Step 2 : Split the entire dataset into Train, Validation and Test data

In order to successfully train and test the model, we need to split the dataset into train, validation and test datasets. The dataset which we use to train the model is called the Training data. Validation dataset is helpful in evaluating the trained model by tuning the model’s hyper-parameters and constantly readjusting its course of learning. Once the model is completely trained, we can use test data to evaluate the model’s performance.

Create a dataframe for enabling the split of data

To help with the dataset split, we will first create a dataframe ‘data_df’ with image names and their corresponding labels. For this the entire image data under ‘./data/image-lid/train’ has to be included.

2. Preparing the dataframes with split image names

The split function from the Numpy library can be used to create the train, validation and test dataframes. ‘df.sample(frac=1)’ shuffles the dataframe and then the next argument splits the entire dataframe into train set : 60% , validation set : 20% and test set : 20%. We have 30000 images in our input data which will be split into train set : 18000, validation set : 6000 and test set : 6000.

Step 3 : Augment the training and validation data

We introduce data augmentation to the images at this point of data preparation.

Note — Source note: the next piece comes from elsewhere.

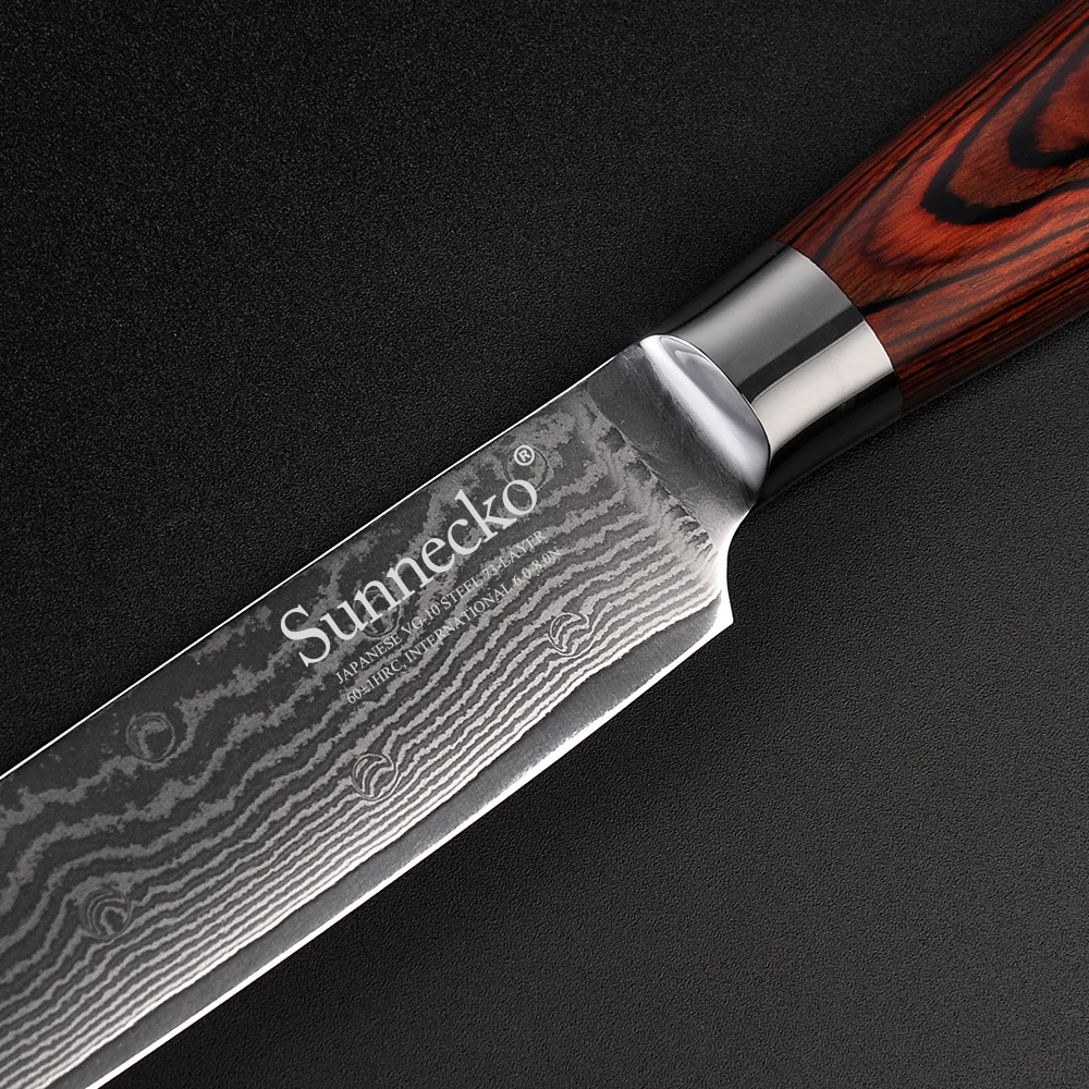 SUNNECKO Premium 8'' Slicing Knife Damascus Steel Japanese VG10 Blade Sharp Meat Fruit Cut Knife Pakka Wood Handle Kitchen Knives

The machine might mimic rote learning if there is no variation in the data and we do not want that in our model. Data Augmentation is done to introduce variability into the input data. It is basically provisioning different versions of a single image. The samples for that will be chosen in a random fashion. It is also useful in cases where the availability of data is less.

Torchvision from PyTorch has the transforms.Compose method to easily chain up all the transforms we intend to perform on the images. Resizing, horizontal flipping, random erasing are some of the transforms chosen for this train data. We can experiment with different transformation techniques available here to find out which set of methods yield better results. The ToTensor converts an image to a tensor, a multi-dimensional matrix containing elements of a single data type, which are then manipulated to build our required model. We also apply the Normalize method which normalises the tensors with mean and standard deviation. As we’re using an already trained model ResNet18, we use the stats data(mean and standard deviation) from the input that it was trained on, ImageNet. You can find the default stats here.

It is to be noted that the validation dataset has only Resize, ToTensor and Normalize methods applied to it because it is utilised only for evaluation purposes and not for training. Therefore only transforms that are required to maintain uniformity between training and validation data are performed on the validation dataset.

Step 4 : Load the train and validation data into GPU memory

As we have already discussed that training the model is processor heavy, we have to load them into Kaggle’s GPU memory for efficient performance.

The helper class LanguageIdentifyDataset accepts a dataframe and for those image ids in it, it applies the afore mentioned transforms .The image is transformed after opening it using the image module from Pillow. You can find more information about the definition and structure of a class here.

Once we have our transformed datasets train_ds and val_ds, we can go ahead to prepare batches of data to load into the GPU. The class torch.utils.data.DataLoader comes in handy for this purpose. It produces batches of shuffled data and then loads it using multiprocessing workers in parallel. We can give a definite batch_size to indicate the number of images in every batch. Shuffle can be set to ‘true’ for training data as we want our model to learn from as many different combinations of data as there are.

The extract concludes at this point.